New Dip On The Block

I haven’t had much time to blog these days, but I did want to share a delicious recipe! This chocolate coconut cream is delicious on its own or to dip fruit into. It’s like a chocolate whipped cream or chocolate mousse. Who wouldn’t love that? Enjoy as a dip for fruit, healthy graham crackers, baby cookies or your fingers (hey, I won’t judge you). We all love it around here!

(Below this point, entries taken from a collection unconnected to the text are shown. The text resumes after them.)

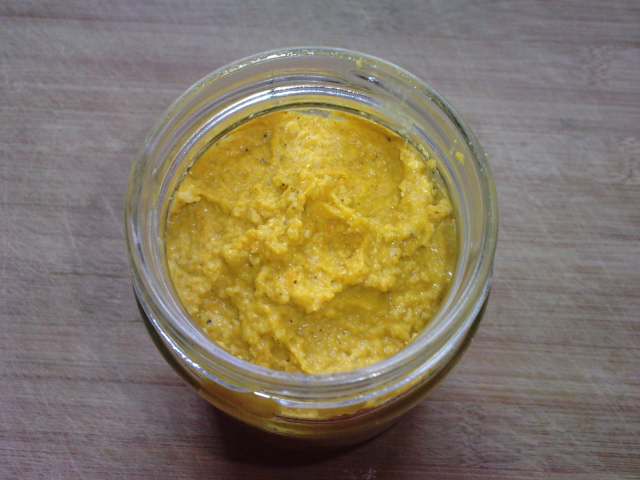 Ausserdem ein Rest (ca. 200 g) tiefgefrorenes, bereits eingeweichtes Sojagranulat, zwei Handvoll geröstete Nuss- bzw. Saatenmischung, Hirseflocken, Sojaflocken, Kokosmehl, Oregano, Kräutersalz, Pfeffer, Paprika, Hefeflocken, bisschen Brühe, weiche gedünstete Zwiebel- und Knoblauchwürfelchen, 3-4 EL Rapsöl, etwas Wasser, dazu die oben genannten Klebezutaten.
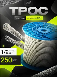 Трос стальной оцинкованный в ПВХ оплетке 1 мм, длина 250 м
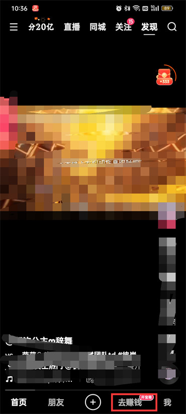 1.首先打开快手极速版软件,然后在快手极速版的页面中点击右下方的【去赚钱】;
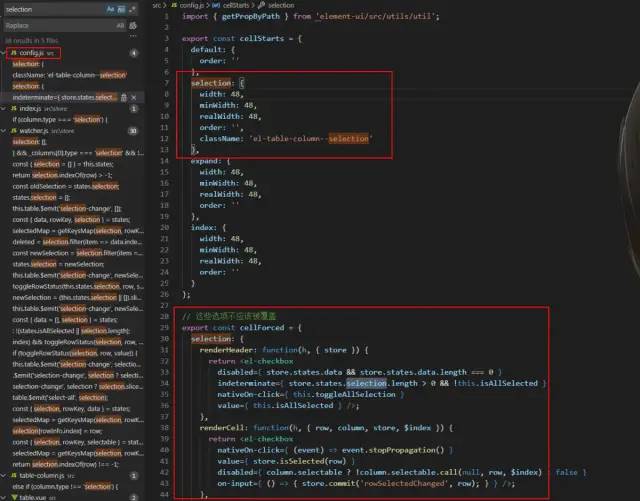 既然知道,table组件是通过selection存放被选中的row,那么,就搜索selection吧。
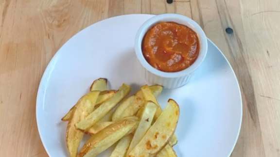 Strain the ketchup through a fine mesh strainer back into a pot.

Chocolate Coconut Cream Dip


  • 1 (400ml) can coconut milk, refrigerated for at least 8 hours (check your can because some coconut milk cans open on the bottom. In that case you will have to refrigerate your can upside down).
  • 3 tablespoons pure maple syrup
  • 1/2 teaspoon pure vanilla extract
  • 1 1/2 tablespoons unsweetened  cocoa powder


  1. Open the chilled can of refrigerated coconut milk and spoon the thick coconut cream from the top of the can into a medium mixing bowl. The water will be at the bottom of the can and can be saved for a smoothie or other recipe.
  2. Add the maple syrup, vanilla and cocoa powder and beat until combined and smooth.

Enjoy! 🙂


9 thoughts on “New Dip On The Block

  1. Tiffany, I made this for a snack with some blueberries and blackberries we grow in our yard. I thought it was so good it tasted like ice cream, but better! My husband dipped ginger cookies in it and I also had bananas. yum! Thank you for sharing this recipe.